SAP Canada executives reflect on 20th anniversary

SAP Canada Inc.’s top executives gathered for a roundtable discussion with media yesterday to celebrate the SAP AG subsidiary’s 20th anniversary.

The Canadian office had a fairly modest beginning in 1989 with about five customers and six employees, three of which are still with the company, said Mark Aboud, president and managing director of SAP Canada.

Today, SAP Canada has roughly 2,300 employees and serves 1,200 clients. “I think everyone would acknowledge that SAP is the dominant player in the large businesses. You would be hard pressed to look at a business in Canada over the last few years who made an ERP decision that didn’t go with SAP,” said Aboud.

But there are still areas for growth in the small and mid-size enterprise (SME) segment.

SAP expanded well into the SME marketplace over the last three years and 67 per cent of SAP Canada’s business comes from the SME segment, according to Conrad Mandala, VP at SAP Canada. “Our focus is going to be partner-centric, to grow that space substantially,” he said.

The transition will occur through changing the perception that SAP is exclusively for large enterprise and developing solutions with timed value propositions that address SMEs, said Mandala.

SAP’s value proposition for SMEs, according to Aboud, is they never have to buy another ERP system again. “It’s a very safe investment. You don’t have to do it again. You just build out your infrastructure on SAP in the direction that your business goes,” he said.

As companies grow, they don’t want to replace their ERP systems because of the large expense and disruption to the business, he pointed out. “That’s what companies are looking for. They don’t buy SAP to buy software, they buy it for the business return, so we quantify it for them,” said Aboud.

SAP Canada is actively dedicating resources to value engineering, as it previously did with developing implementation solutions, noted Jason Mausberg, president of IDS Scheer Canada. This will bring a more formal nature and detailed approach to value engineering, he said.

“[Value engineering] is something that larger consulting firms have been doing for years. However, the thoroughness of which they’ve been doing it, the accuracy and the consistency has been lacking,” said Mausberg.

“Too often companies invest and implement based on least path of resistance,” said Riaz Raihan, national VP of Value Engineering and Business Development for SAP Canada. “Value engineering puts some clarity around that and says, ‘This is the module that will give you more bang for your buck.’”

Business has been very strong throughout the economic downturn, said Aboud. Executives across all industries in Canada are responding by managing costs, managing liquidity and making strategic investments so when they exit the downturn, they have a competitive advantage, he pointed out.

Economic downturns also expose problems that need to be changed, according to Raihan. “The good times mask a lot of process issues, so now when the good times have evaporated and times are tough, companies are looking at what I call ‘non-traditional’ ways of driving value,” he said.

Canadian cargo airline Cargojet Inc. is SAP Canada’s latest client. The company, which started in 2001, reports $205.7 million in revenue and transports 750,000 lbs. of cargo every business night.

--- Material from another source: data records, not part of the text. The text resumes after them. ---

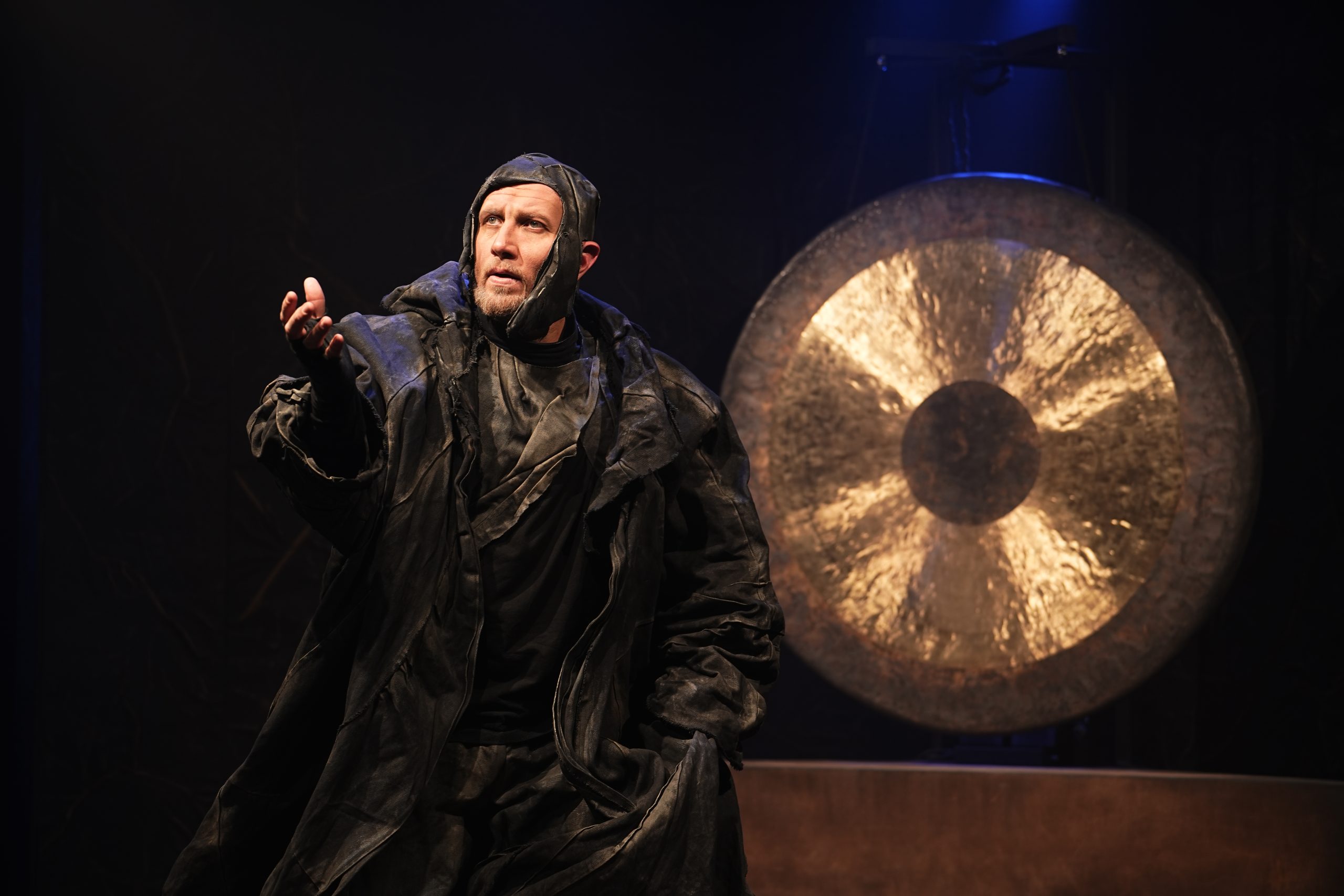 А в глубине сцены огромный гонг, инструмент не музыкальный, а философский. Каждый его звук — удар по сознанию. Он отмечает не только смену действия, но и смену решения, мысли или веры.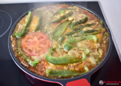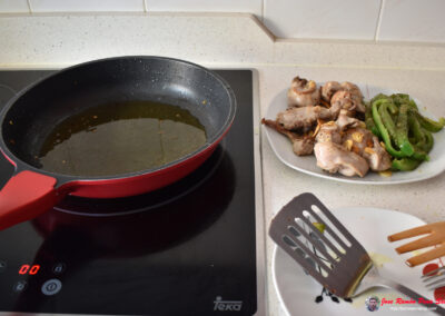 - Una vez fritos los pimientos, los sacamos de la sartén y los reservamos también.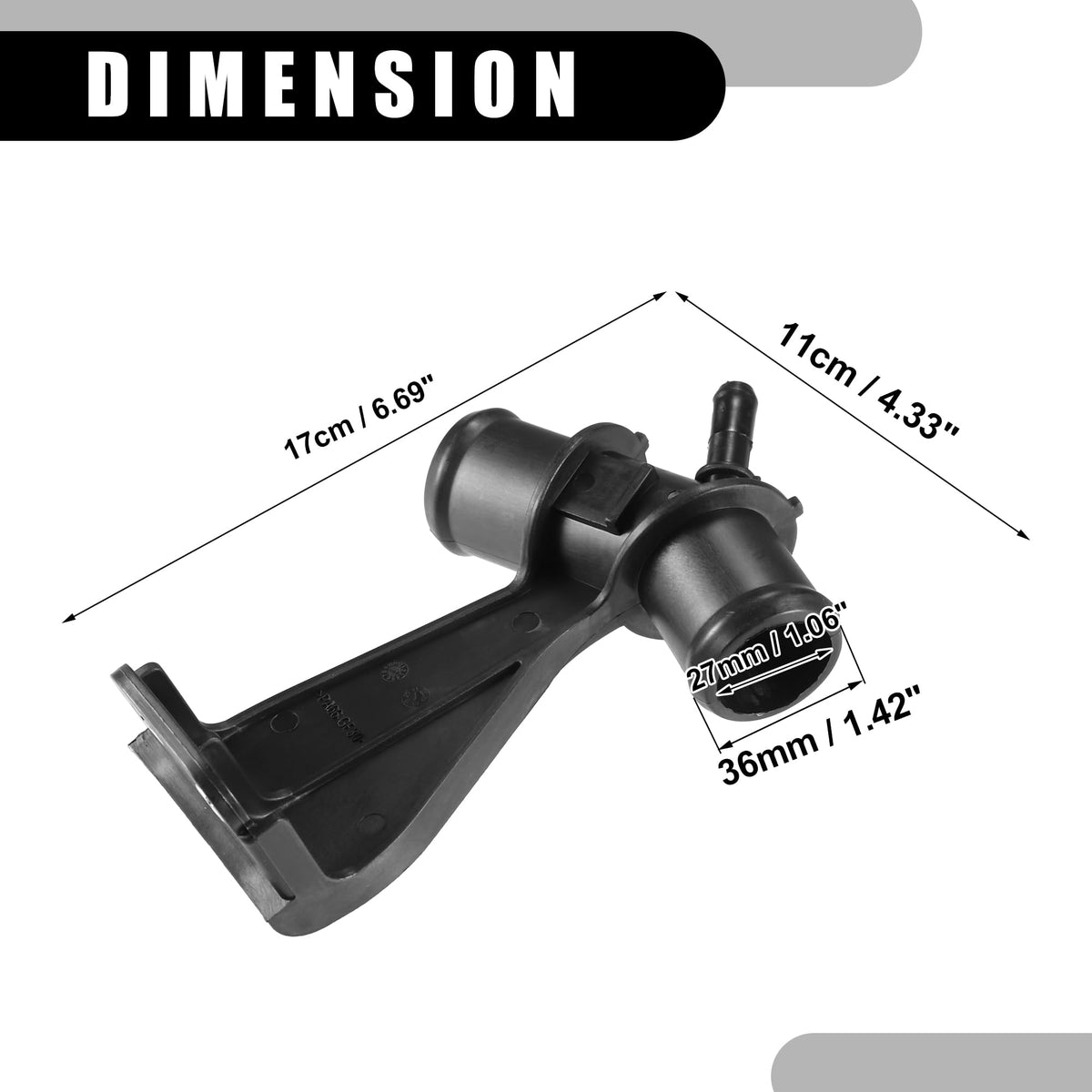 Q: What are the dimensions of the Partuto Engine Radiator Water Outlet Coolant Pipe?A: The dimensions of the Partuto Engine Radiator Water Outlet Coolant Pipe are 17x11x5 cm (6.69"x4.33"x1.97"). It has an outer diameter of 36 mm (1.42") and an inner diameter of 27 mm (1.06").

Cargojet had financial software that worked, but with increased regulatory requirements, the company needed a platform that would shorten the amount of time to do financial reporting, said Anju Virmani, CIO of Cargojet.

One of the attractions to SAP’s solution was the availability of best practices, she said. “With fast growth, we didn’t have time to put best practices into place.”

Cargojet is a typical example of an SME business that has a relatively small IT infrastructure, but needs almost the exact same services and solutions as a large enterprise, said Mandala.

Key aspects of SAP software currently include functionality for 24 industries, the ability to implement the software in a modular fashion and high configurability, Aboud pointed out.

One of the most “innovative and revolutionary” products SAP has ever announced, according to Aboud, is SAP BusinessObjects Explorer.

“You can type in a Google-like natural language query and within a sub-second you get a response whether you have one million records or 100 million records or 500 million records,” he said.

One benefit is the ability to quickly solve boardroom debates. “All they have is reports that were done weeks ago. This thing you can bring into the boardroom, ask the question and get the answer,” he said.

According to a recent business magazine survey, most executives make business decisions based on gut feel and when they make bad decisions, 75 per cent of the time those bad decisions were based on insufficient information, said Andreas Hofer, solution advisor with SAP.

With Explorer, executives can ask for information instantly and not bother IT for a report, Hofer pointed out.

More than half the world’s business transactions occur on SAP systems, said Aboud.

SAP systems are used to conduct transactions for 40 million barrels of oil per day, $330 million in retail goods per day, 50 million bank accounts, defense forces across 107 countries, 54 million annual healthcare patients in the U.S., 80 per cent of large utilities in Canada, 75 per cent of beer production worldwide and 65 per cent of annual worldwide chocolate production.

SAP is “in the business of being responsible,” he said.